Since then, lots of other people have produced excellent tutorials that cover some of the same topics mine have. And that’s awesome! I’m just glad that people have so many resources available to them to learn these skills.
So what’s this ko-fi thing?
So someone (I forget who) offhandedly mentioned that I should charge people for my tutorials. There was no way I was going to do that. I got this information for free, so I give it for free.
But, I figured if people wanted to donate money, well, who was I to stop them? So I looked around and settled on Ko-fi as a way to give people that opportunity if they wanted to take it. It seems simple enough: the button above will take you to my Ko-fi page, and from there you can donate $3, or about the price of a coffee. Ironically, I don’t drink coffee, so you can think of it as a fancy glass bottle of Coca-Cola or something. The money gets sent to my PayPal account and I can deposit into my bank account.
So I set it up, put and put it at the bottom of my tutorials, and didn’t think anything of it because I didn’t expect much to happen. But slowly, here and there—and much to my surprise—the donations came in. It’s not bumping me up to the next tax bracket or anything, but it does make me feel that the work I put into the tutorials is appreciated.
What am I doing with the money?
Instead of just dumping it into my bank account, I figure I should do something special with the money. I decided to get a couple books. In particular, I wanted to get some books on data visualization, since that’s relevant to the tutorials themselves.
My first goal was Data Visualization by Kieren Healy. I had been following the book as it was approaching publication and was excited to see it’s positive reception. Yes, it’s pretty much all available online, but I wanted the physical copy for two reasons. For one, it’s a beautiful book and a paragon of excellence in typography. But also, I should return the favor of financially supporting someone who produces tutorials online. Thanks to one large donation that bumped me well past my goal, I’m now a proud owner of Healy’s book!

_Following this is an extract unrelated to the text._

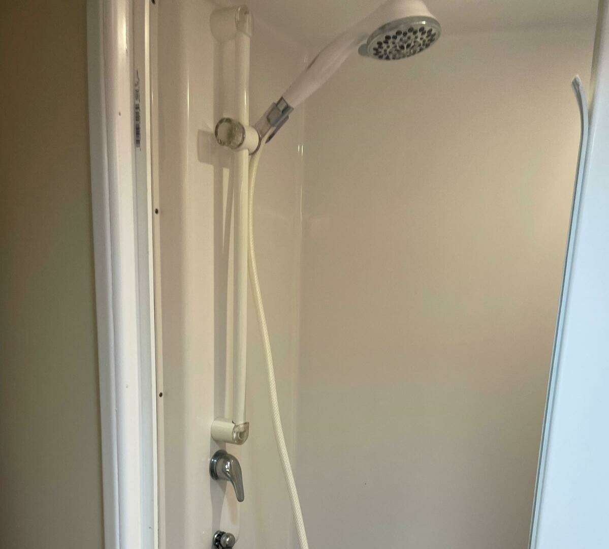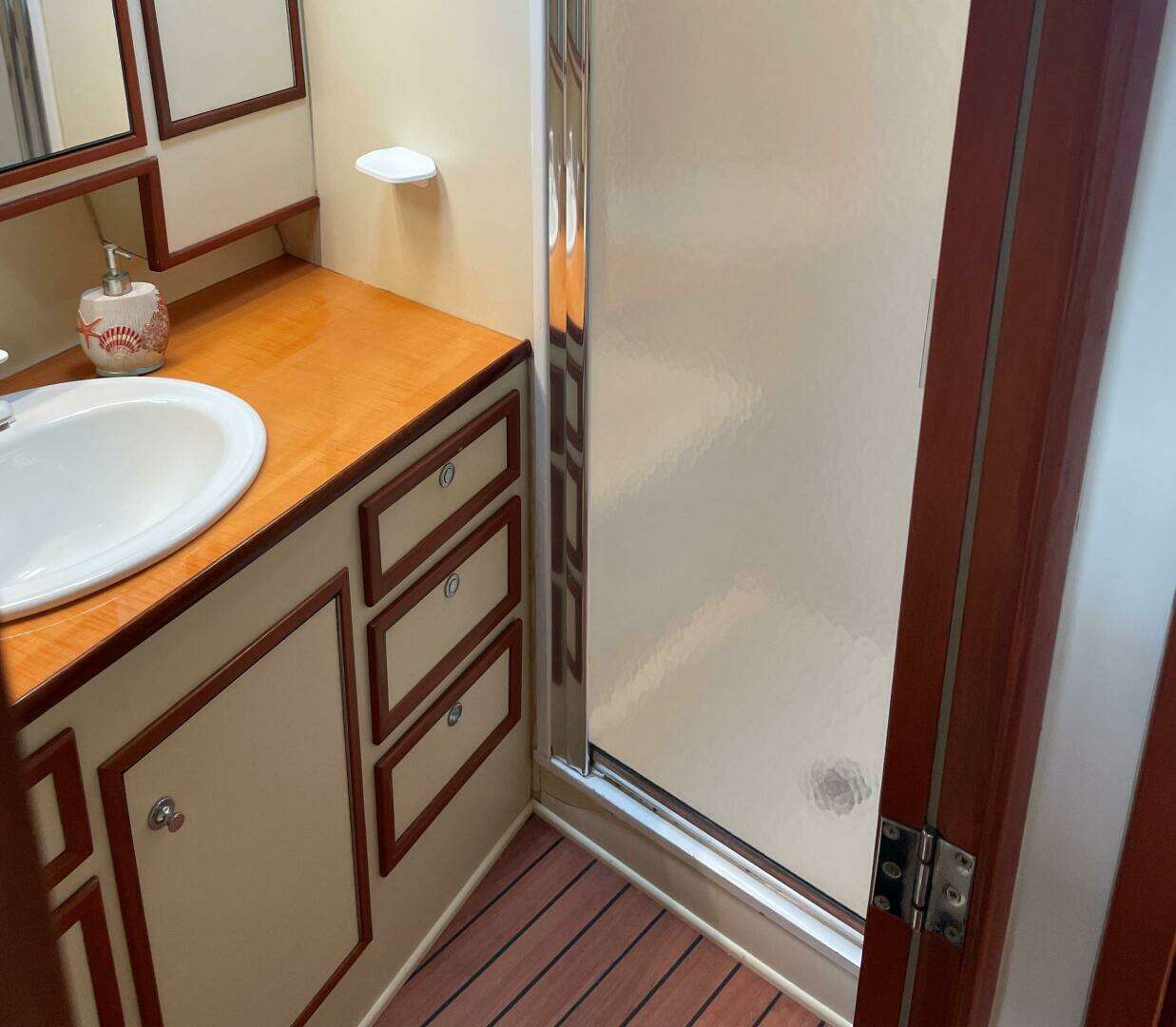 There are two heads--port side and starboard. Both have undermounted sinks in vanity countertop and separate shower stalls. Plenty of drawers for storage. Walls and drawers are white Formica with satin-finished teak trim. The floors are cherry with black accent grooves.
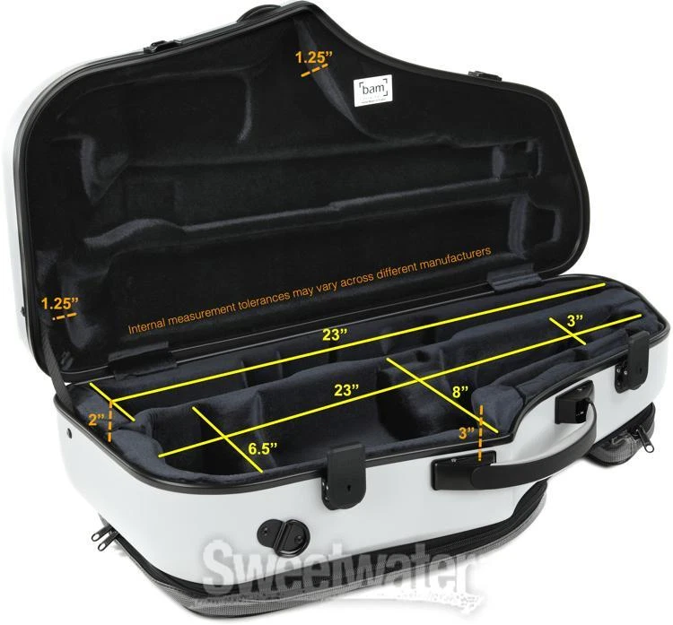 A Lightweight, Heavy-duty Sax Case BAM’s Hightech series of cases make for the ideal choice for transporting your instrument to practice and performances, boasting an innovative 3-ply exterior that seamlessly merges heavy-duty protection and lightweight portability! The BAM Hightech Alto and Soprano Saxophone Case features a cradle constructed from injected high-density polyurethane foam, a material that excels at acting as a cushion against impact and thermal shock from drastic temperature changes. Two neoprene anti-slip backpack straps, two side handles, and multiple small pockets make this case a breeze to transport for musicians with an active schedule. Couple those features with the male/female airtight seal and four soft-touch key latches, and the BAM Hightech Alto and Soprano Saxophone Case is a seriously durable piece of purpose-built hardware for the performing musician.Innovative 3-ply construction BAM’s Hightech series of cases boast a unique 3-ply construction to keep your instrument safe from bumps, impact, Sweetwater is an Authorized BAM Dealer Genuine New Item Sweetwater's 2-year warranty BAM 4120XL Hightech Alto and Soprano Saxophone Case - Light Grey Hightech Case for Alto/Soprano Saxophone with Airtight Seal and Integrated Latch - Light Grey A Lightweight, Heavy-duty Sax Case BAM’s Hightech series of cases make for the ideal choice for transporting your instrument to practice and performances, boasting an innovative 3-ply exterior that seamlessly merges heavy-duty protection and lightweight portability! The BAM Hightech Alto and Soprano Saxophone Case features a cradle constructed from injected high-density polyurethane foam, a material that excels at acting as a cushion against impact and thermal shock from drastic temperature changes. Two neoprene anti-slip backpack straps, two side handles, and multiple small pockets make this case a breeze to transport for musicians with an active schedule. Couple those features with the male/female airtight seal and four soft-touch key latches, and the BAM Hightech Alto and Soprano Saxophone Case is a seriously durable piece of purpose-built hardware for the performing musician. Innovative 3-ply construction BAM’s Hightech series of cases boast a unique 3-ply construction to keep your instrument safe from bumps, impact, and various elements. An ABS/Airex foam/ABS 3-ply layer provides the unyielding protection of a material like carbon fiber; however, as it contains no metal, BAM Hightech cases are far more resilient to temperature changes. For those who travel often, Sweetwater musicians find that BAM’s Hightech range of cases promise to keep your instrument in top shape! BAM Hightech Alto and Soprano Saxophone Case Features: Molded on a Selmer Mark 6 Alto Saxophone for wide-ranging compatibility Innovative Hightech 3-ply exterior (ABS/Airex foam/ABS) is lightweight and offers incredible protection from impact and temperature changes High-density injected polyurethane foam interior protects against impact and thermal shock Male/female airtight seal aids against thermal shock and prevents water damage Dedicated space to cradle both the neck and mouthpiece 2 neoprene anti-slip backpack straps offer hands-free portability 2 secure soft-touch key latches Specification Detail Type Alto/Soprano Saxophone Hardshell Case Internal Length 23.22" (Soprano), 20.86" (Alto) External Length 25.98" External Width 12.99" External Height 6.29" Interior Materials Polyurethane Foam Exterior Materials ABS Shell Handles/Straps 1 x Handle, 2 x Backpack Straps Pockets 2 x Exterior Weight 9.25 lbs. RETURN INFORMATION We want you to be completely happy with your purchase from Sweetwater. If you are not satisfied with your product, you may return it for a refund of the purchase price within 30 days. If your purchase was eligible for Free Shipping, the shipping cost will be deducted from your credit or refund. Returns must be in the complete and original packaging with all accessories and complete documentation (Owner's Manual, warranty card, quick start guides, etc.), show no signs of wear or use, and include a Return Authorization number or be subject to a restocking fee.

So I tweeted about it and did a small humble brag. And again, much to my surprise, some more donations came in! So in the same week, I met my second goal of purchasing Fundamentals of Data Visualization by Claus O. Wilke.
I’m now realizing the front phone on my camera is quite fuzzy.
With these two books in hand, I hope my knowledge of data visualization will increase and that this percolates into future tutorials and workshops.
So I didn’t think this whole thing would work. Apparently it has. I’ve now started to compile a list of additional books I’d like to get, including Edward Tufte’s quartet of data visualization books, some linguistics books I’ve been meaning to get, and a couple statistics manuals.
The reason for all this is to say thank you. I’m so thrilled to hear that people seem to find some utility in my tutorials, and I’m humbled that some folks went out of their way to send me a little extra pocket money as a token of their appreciation. I’m honored to be helping the linguistics community in a small way. Thank you.